Sabremetrics 301: Custom Linear Weights (December 18, 2003)

Discussion Thread

Posted 6:04 p.m., December 18, 2003 (#1) - Michael Humphreys
  Tango,

Thanks for posting this great resource.

How would one evaluate Pedro using the data? His high SO, low BB and low HR reduce his run environment down to the two-runs-per-game level. So should we credit him with the normal weights (because his performance *created* that run environment) or with the weights at the two-or-three-run level (because that is the *marginal* impact of each of his events in the run environment he has created)?


Valuing Starters and Relievers (December 27, 2003)

Discussion Thread

Posted 2:39 p.m., December 31, 2003 (#47) - Michael Humphreys
  Great article and thread. Continued research into both questions of pitcher evaluation--"ability" and "value" is worth pursuing.

At first, it will probably be easier to refine "value" measurements.

David and Guy are on the right track, though it might be worth considering creating *three* separate replacement levels: starters, closers and middle-relievers. (Or full-time "Average" Leverage, one/two-inning High Leverage and two/three-inning Low Leverage pitchers.)

Replacement value questions are (or should be) "practical" questions--and as a practical matter, no team will allow a replacement-level middle relief pitcher (the bottom-of-the-barrel mop-up guy) assume a "closer" role. Or at least not for a full season.

Determining a third replacement level (for middle-relievers) might also help in the evaluation of the Curt Shillings of the world. By going into the 8th inning, he creates value above the *middle-reliever* level.

Of course, once we start down this process, it leads to Tango's Win Advancement methodology.

Or does it? Tango, does Win Advancements measure pitcher win advancements against league average pitching *across ALL innings* or league-average pitching *during the inning (or inning/base/out) situation" in question? Perhaps sample size issues make the latter measure impractical.
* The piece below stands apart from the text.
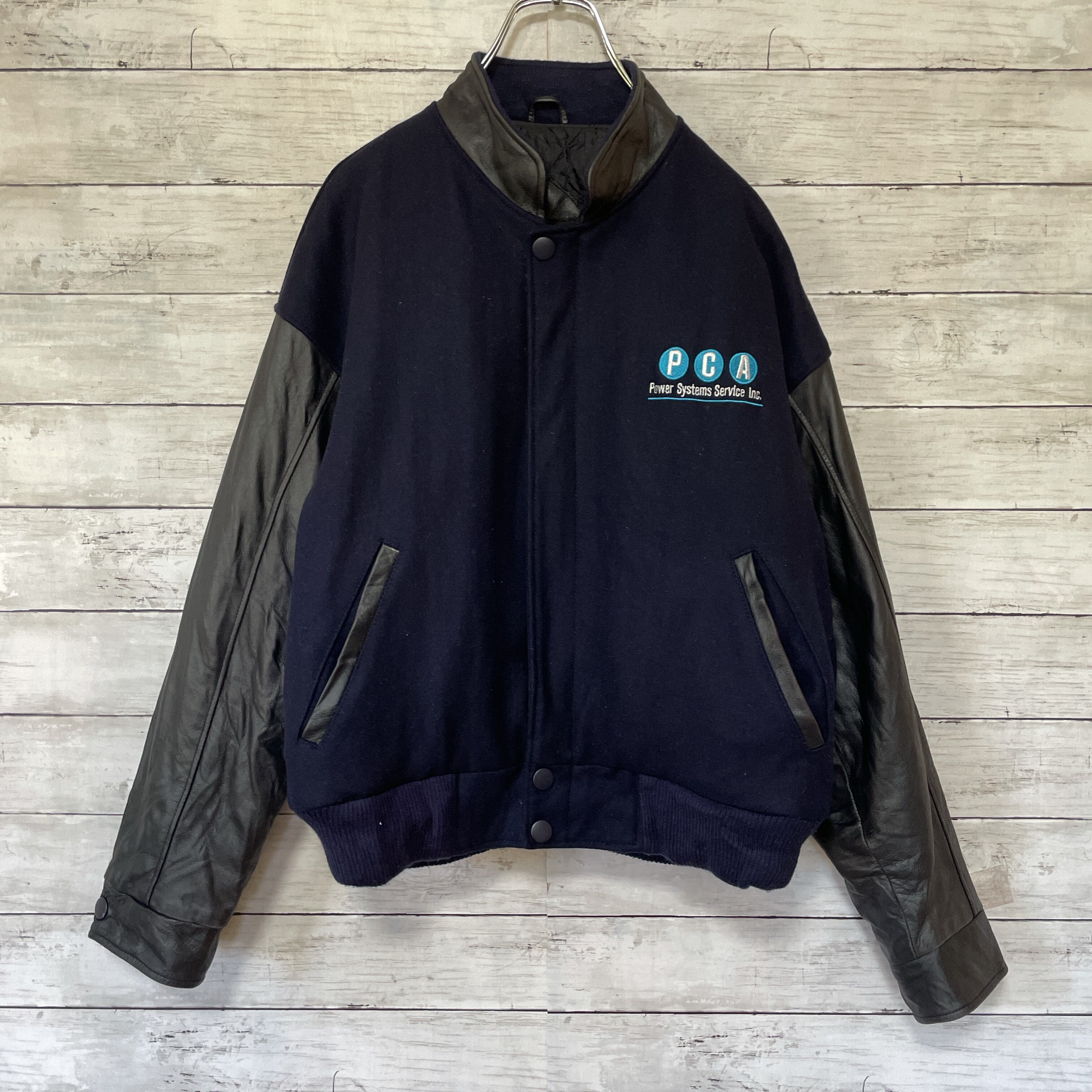 USA古着 スタジャン 皮 ワンポイント刺繍ロゴ

Maybe another way to pose the question is whether separate *Run* Expectations are calculated for each INNING/SCORE/base/out situation, and *then* translated into Win Expectations, or whether Run Expectations are calculated using *all* innings, and then translated into Win Expectations based on the inning/score.

The former approach would indirectly cause a starter in the eight inning to be compared against middle relievers. If we could do that, we'd have a perfectly "granulated" pitcher evaluation system. That is, Curt Shilling's 7th inning Win Advancements would take into account that he is sparing his team the cost of going to middle-relievers, who are generally the worst pitchers on a team. (Of course, Win Advancements measure value over average, but I suppose replacement levels could be determined as well.)

Though probably an even more difficult problem, evaluating pitcher "ability" independent of usage context would be very useful, because it's almost certainly true that teams mismeasure "real" ability and badly misallocate pitching resources. (This in turn results in distorted *value* measurements, because the replacment-level talent pools and their impact on wins is out of whack, so value measurements vis-a-vis such data probably differ from "real" ability much more than happens with batters and fielders).

So really both "ability" and "value" research support each other and are both worth pursuing.


DRA Addendum (Excel) (January 16, 2004)

Discussion Thread

Posted 7:32 p.m., January 17, 2004 (#3) - Michael Humphreys
  Mills,

The "boxed" numbers are the best five consecutive ratings for the player. The average of those numbers is included in the Index.

MGL,

Thanks. I do take pains in the article, however, to explain why the Buckner rating is incorrect, possibly to a large extent. I agree, however, that he was not a bad fielder.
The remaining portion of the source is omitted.